• EXERCISE DATA:
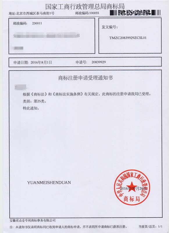 第25类“YUANMEISHENDUAN”商标受理通知书
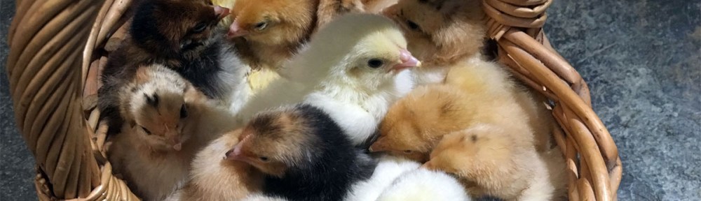 The brooder set-up is a bit ‘make do and mend’. I had bought a second hand Brinsea Eco-glow ‘electric hen’ style brooder, rather than use the more traditional hanging heat lamp, both because it has far lower energy consumption than a lamp, and because it seemed to me a more natural thing from a behavioural point of view – chicks would likely feel more comfortable and reassured by a dark warm place to snuggle under than a mysterious warm light in the sky. The brooder cage is Dave the dog’s old puppy crate, wrapped around with cling film to prevent drafts at chick height, with cardboard baffles around the edges, and bedded with newspaper and a thin layer of clean dust extracted wood shavings.
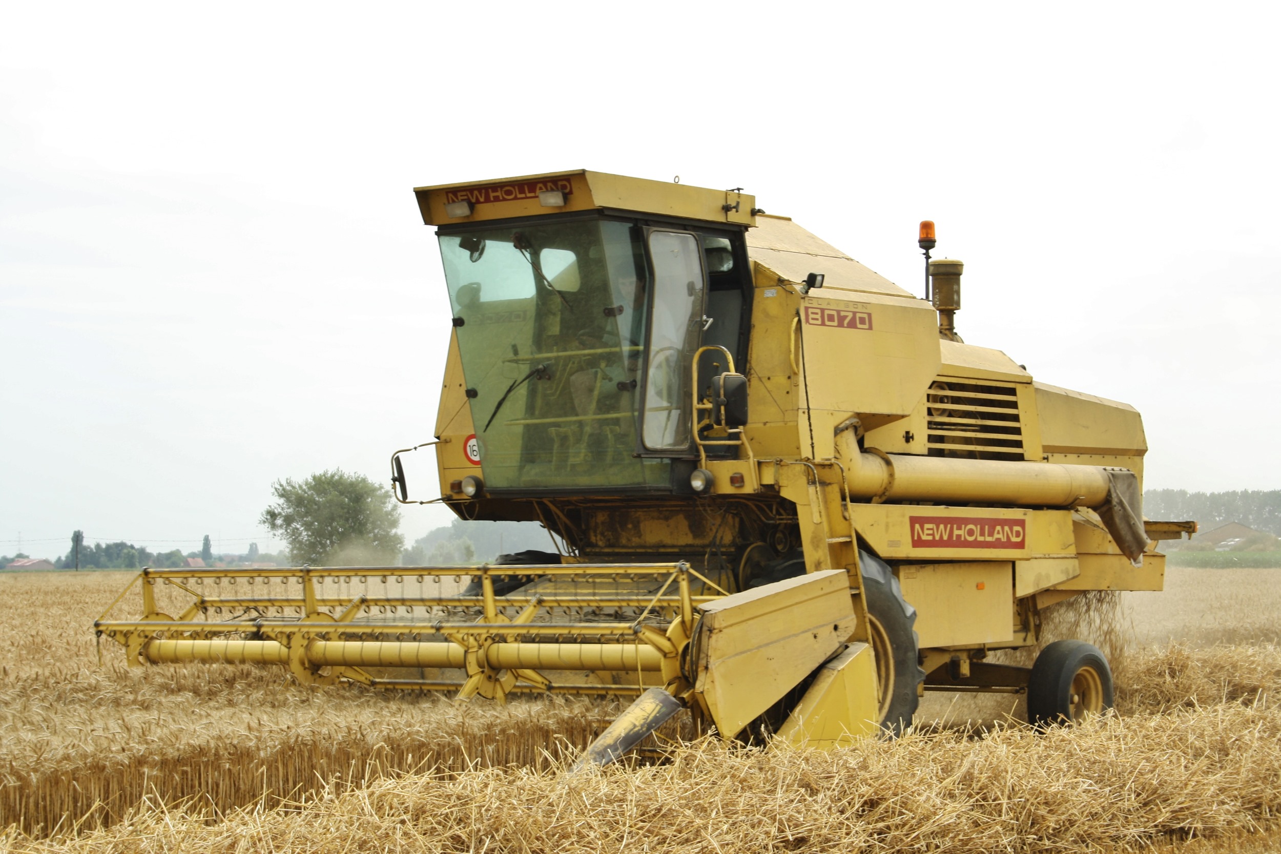 De legendarische New Holland Clayson 8070 bezig in de gerst. (Foto Maarten Martens)

• PROMPT: All of the data gets printed again exactly; the pictures do not.

• SOLUTION TO THE EXERCISE:
 第25类“YUANMEISHENDUAN”商标受理通知书
 The brooder set-up is a bit ‘make do and mend’. I had bought a second hand Brinsea Eco-glow ‘electric hen’ style brooder, rather than use the more traditional hanging heat lamp, both because it has far lower energy consumption than a lamp, and because it seemed to me a more natural thing from a behavioural point of view – chicks would likely feel more comfortable and reassured by a dark warm place to snuggle under than a mysterious warm light in the sky. The brooder cage is Dave the dog’s old puppy crate, wrapped around with cling film to prevent drafts at chick height, with cardboard baffles around the edges, and bedded with newspaper and a thin layer of clean dust extracted wood shavings.
 De legendarische New Holland Clayson 8070 bezig in de gerst. (Foto Maarten Martens)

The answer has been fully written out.